(Collected material begins)

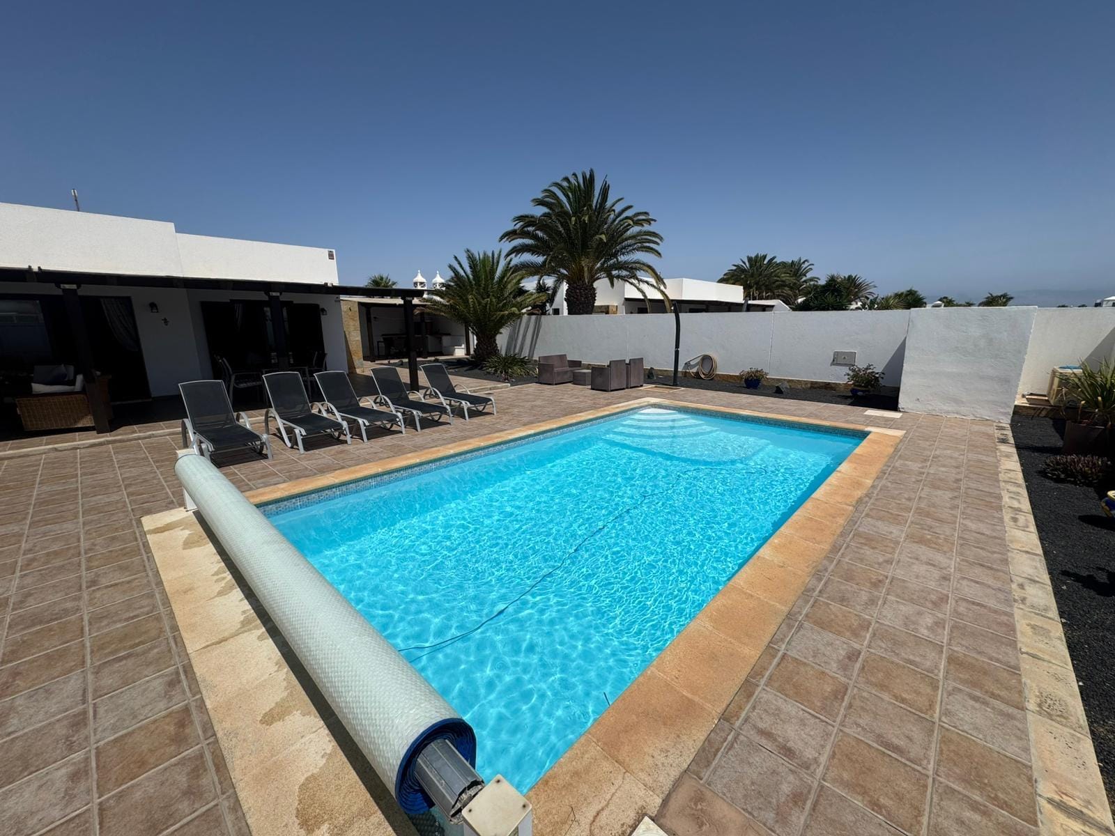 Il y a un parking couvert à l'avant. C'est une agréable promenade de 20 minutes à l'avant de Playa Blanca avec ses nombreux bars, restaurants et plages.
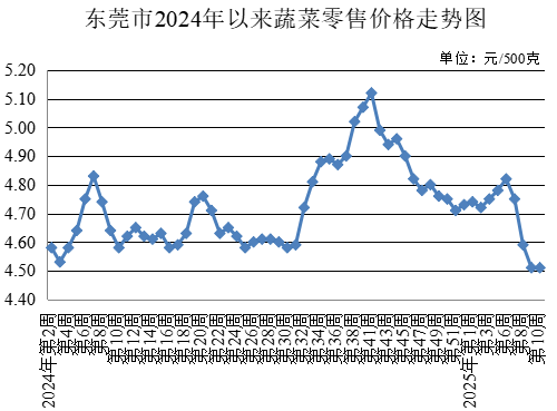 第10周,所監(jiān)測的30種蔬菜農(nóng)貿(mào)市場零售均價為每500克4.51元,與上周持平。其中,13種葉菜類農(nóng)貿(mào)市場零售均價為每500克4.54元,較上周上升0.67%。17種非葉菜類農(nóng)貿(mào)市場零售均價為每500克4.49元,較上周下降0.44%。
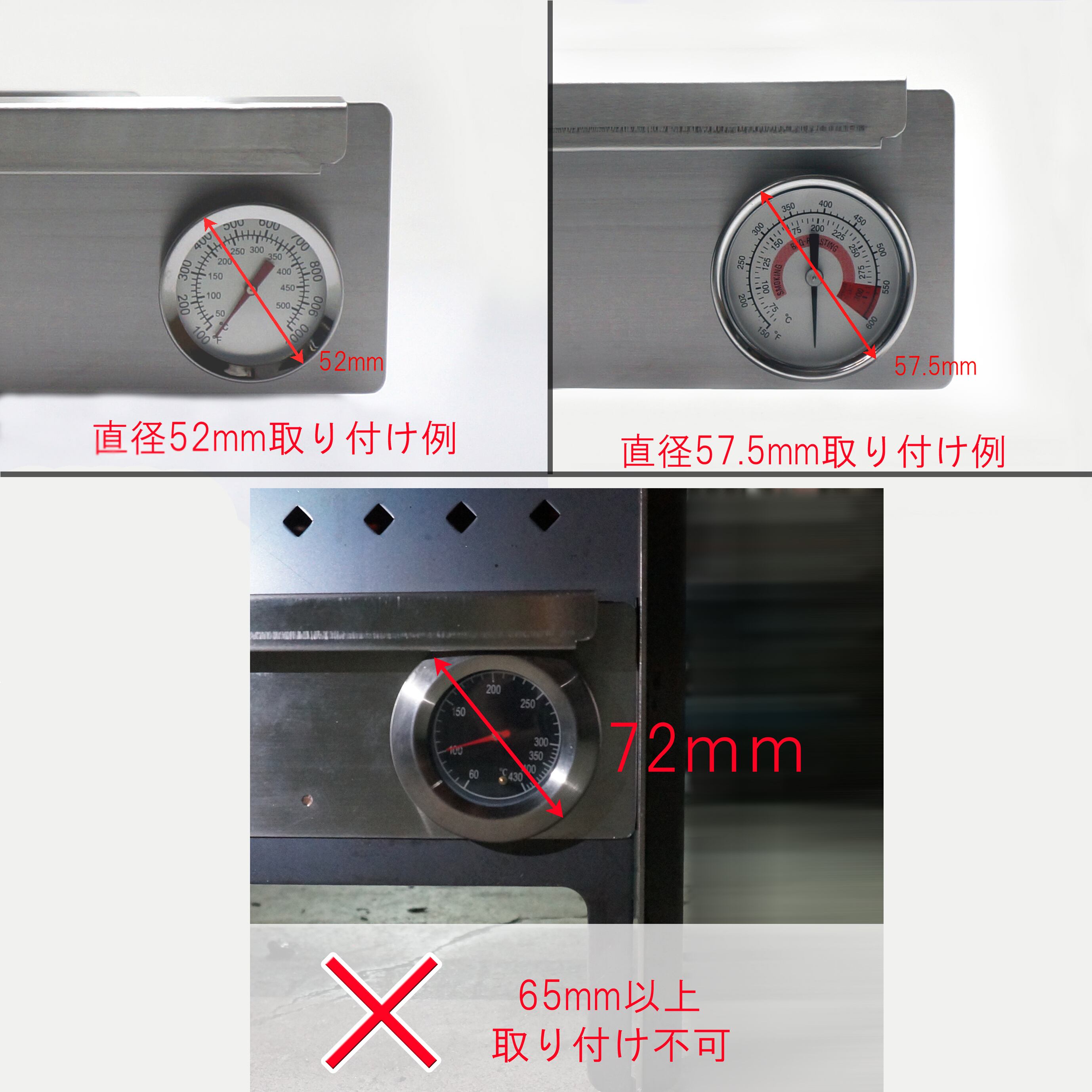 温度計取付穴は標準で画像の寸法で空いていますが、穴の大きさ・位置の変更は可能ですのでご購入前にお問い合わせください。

(Collected material ends)

Work instruction:
Reproduce the material above exactly but drop all images.

Written solution:
 Il y a un parking couvert à l'avant. C'est une agréable promenade de 20 minutes à l'avant de Playa Blanca avec ses nombreux bars, restaurants et plages.
 第10周,所監(jiān)測的30種蔬菜農(nóng)貿(mào)市場零售均價為每500克4.51元,與上周持平。其中,13種葉菜類農(nóng)貿(mào)市場零售均價為每500克4.54元,較上周上升0.67%。17種非葉菜類農(nóng)貿(mào)市場零售均價為每500克4.49元,較上周下降0.44%。
 温度計取付穴は標準で画像の寸法で空いていますが、穴の大きさ・位置の変更は可能ですのでご購入前にお問い合わせください。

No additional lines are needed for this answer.